(Assignment): Restate the following data in its entirety, word for word and without images.

(Data section):
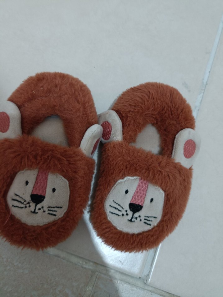 çocuklar icin kahverengi, yumuşak ve kürklü detaylı sıcak ev terliği, sevimli hayvan yüzü deseniyle rahat ve konforlu.
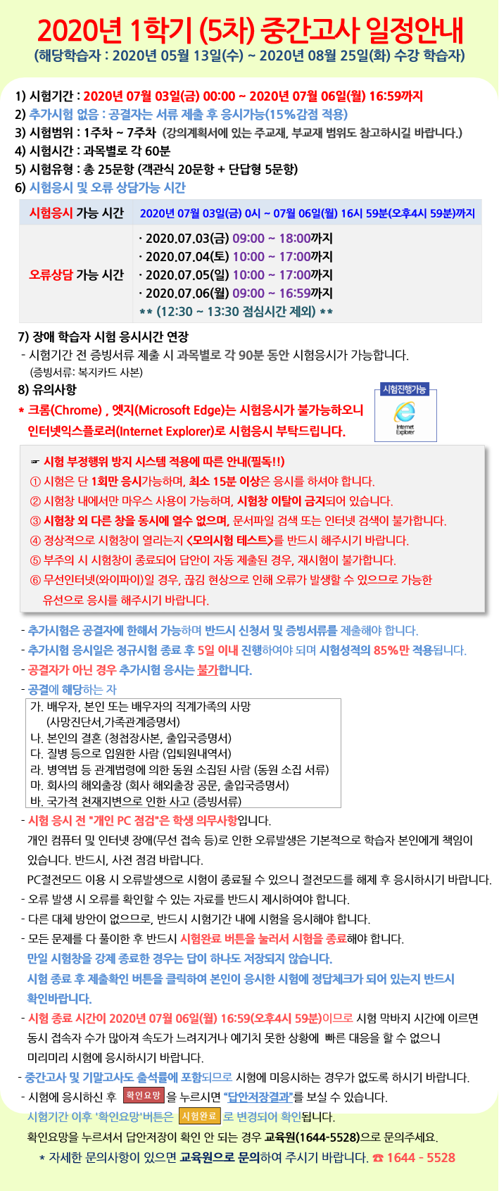 [¾È³»] 2020³â 1Çбâ(5Â÷) Áß°£°í»ç ¾È³»ÀÔ´Ï´Ù.
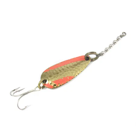 Viistot punaiset raidat kulkevat tämän 4 cm (1 1/2") lusikkauistimen vasaroidun kultapinnan poikki luoden selvän visuaalisen kontrastin. Tämä 7 g (1/4 oz) painava viehe on varustettu etupuolen syvällä vasaroidulla tekstuurilla valon heijastuksen maksimoimiseksi. Uistimen kääntäminen paljastaa sileän, kiillotetun kultaisen taustapuolen, johon on selvästi leimattu valmistajan merkinnät: "Nebco", "TOR-P-DO-1" ja "MADE IN USA". Varusteet ovat ehjät, koostuen uistinrenkaasta ja kuulaketjuleikarista, joka on suunniteltu estämään siiman kiertyminen heitossa tai uistelussa. Kuntoluokituksella 4/5 vieheessä on vähäisiä käytön jälkiä, mutta se on rakenteellisesti ehjä ja pinnoite on säilynyt kirkkaana. Terävä kolmihaarakoukku on kiinnitetty perään uistinrenkaalla, täydentäen tämän klassisen amerikkalaisvalmisteisen tuotteen koodilla 2082.
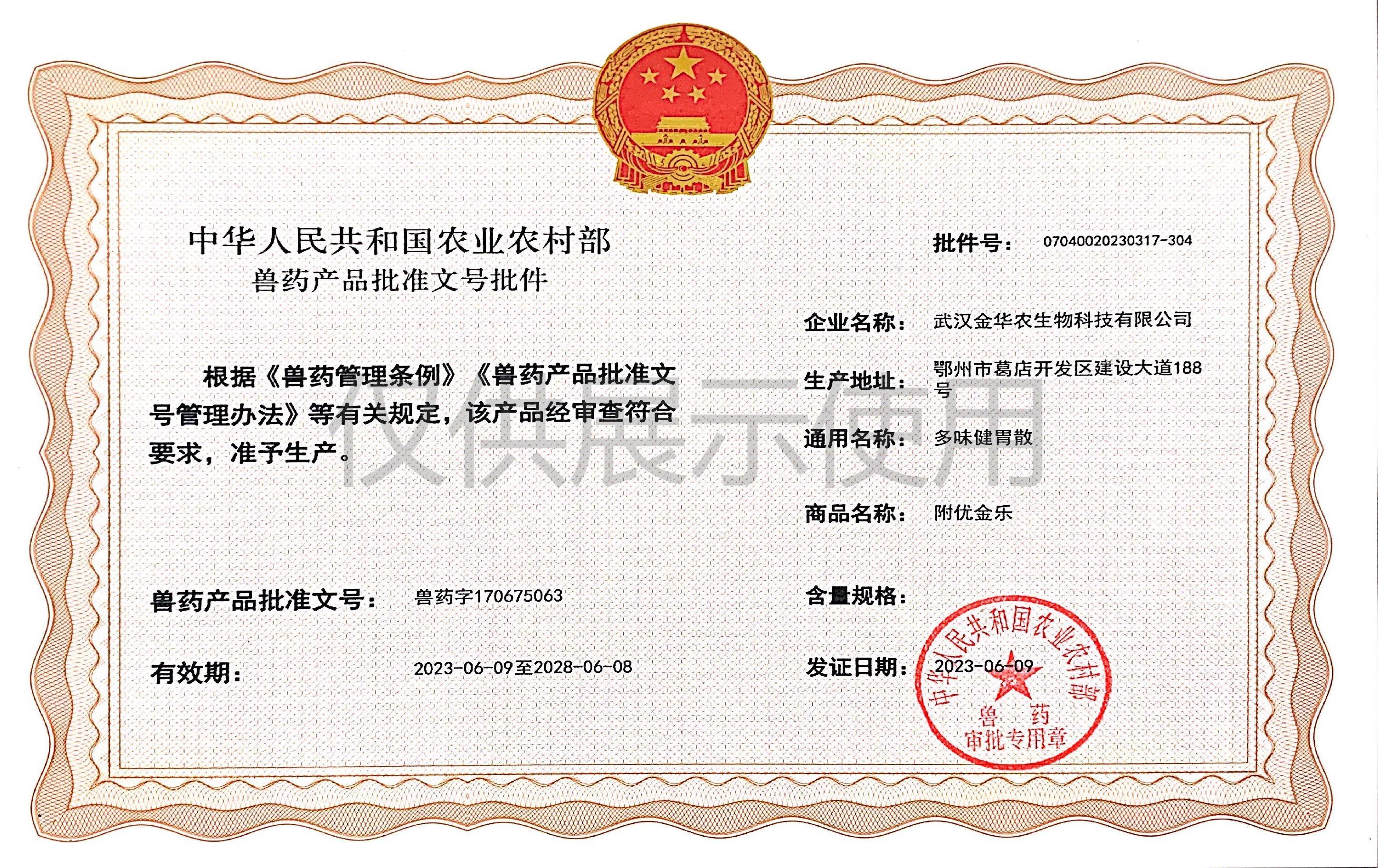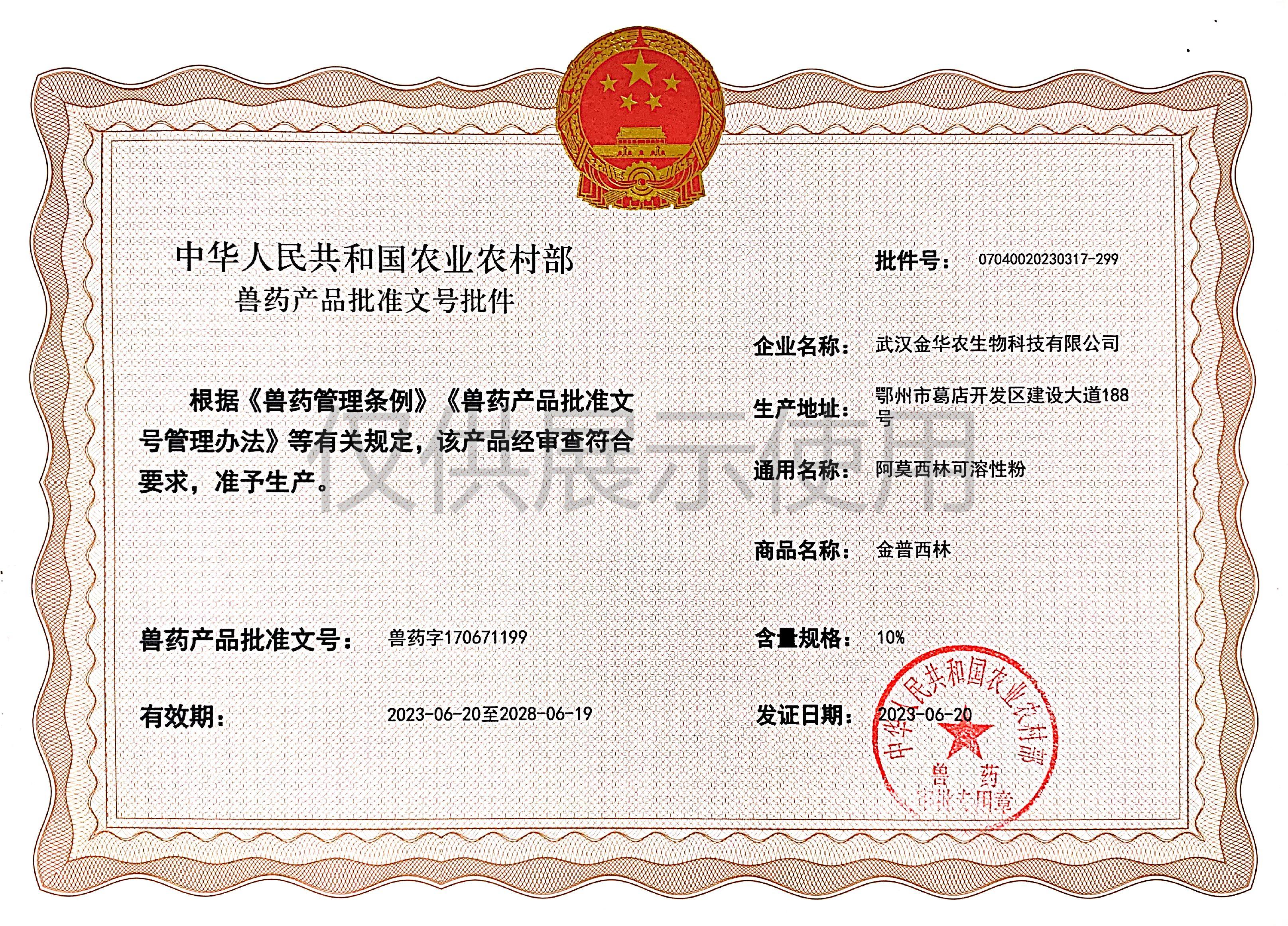 根據(jù)《獸藥管理?xiàng)l例》和《獸藥產(chǎn)品批準(zhǔn)文號(hào)管理辦法》的規(guī)定,經(jīng)農(nóng)業(yè)農(nóng)村部審查,準(zhǔn)予核發(fā)武漢金華農(nóng)生物科技有限公司(以下簡(jiǎn)稱“武漢金華農(nóng)生物”)國(guó)家新版GMP6種獸藥相關(guān)產(chǎn)品批準(zhǔn)文號(hào),這是繼今年5月我司獲得第一批新版GMP獸藥批準(zhǔn)文號(hào)后再一次獲得獸藥產(chǎn)品批準(zhǔn)文號(hào)。

(Task solution):
 çocuklar icin kahverengi, yumuşak ve kürklü detaylı sıcak ev terliği, sevimli hayvan yüzü deseniyle rahat ve konforlu.
 [¾È³»] 2020³â 1Çбâ(5Â÷) Áß°£°í»ç ¾È³»ÀÔ´Ï´Ù.
 Viistot punaiset raidat kulkevat tämän 4 cm (1 1/2") lusikkauistimen vasaroidun kultapinnan poikki luoden selvän visuaalisen kontrastin. Tämä 7 g (1/4 oz) painava viehe on varustettu etupuolen syvällä vasaroidulla tekstuurilla valon heijastuksen maksimoimiseksi. Uistimen kääntäminen paljastaa sileän, kiillotetun kultaisen taustapuolen, johon on selvästi leimattu valmistajan merkinnät: "Nebco", "TOR-P-DO-1" ja "MADE IN USA". Varusteet ovat ehjät, koostuen uistinrenkaasta ja kuulaketjuleikarista, joka on suunniteltu estämään siiman kiertyminen heitossa tai uistelussa. Kuntoluokituksella 4/5 vieheessä on vähäisiä käytön jälkiä, mutta se on rakenteellisesti ehjä ja pinnoite on säilynyt kirkkaana. Terävä kolmihaarakoukku on kiinnitetty perään uistinrenkaalla, täydentäen tämän klassisen amerikkalaisvalmisteisen tuotteen koodilla 2082.
 根據(jù)《獸藥管理?xiàng)l例》和《獸藥產(chǎn)品批準(zhǔn)文號(hào)管理辦法》的規(guī)定,經(jīng)農(nóng)業(yè)農(nóng)村部審查,準(zhǔn)予核發(fā)武漢金華農(nóng)生物科技有限公司(以下簡(jiǎn)稱“武漢金華農(nóng)生物”)國(guó)家新版GMP6種獸藥相關(guān)產(chǎn)品批準(zhǔn)文號(hào),這是繼今年5月我司獲得第一批新版GMP獸藥批準(zhǔn)文號(hào)后再一次獲得獸藥產(chǎn)品批準(zhǔn)文號(hào)。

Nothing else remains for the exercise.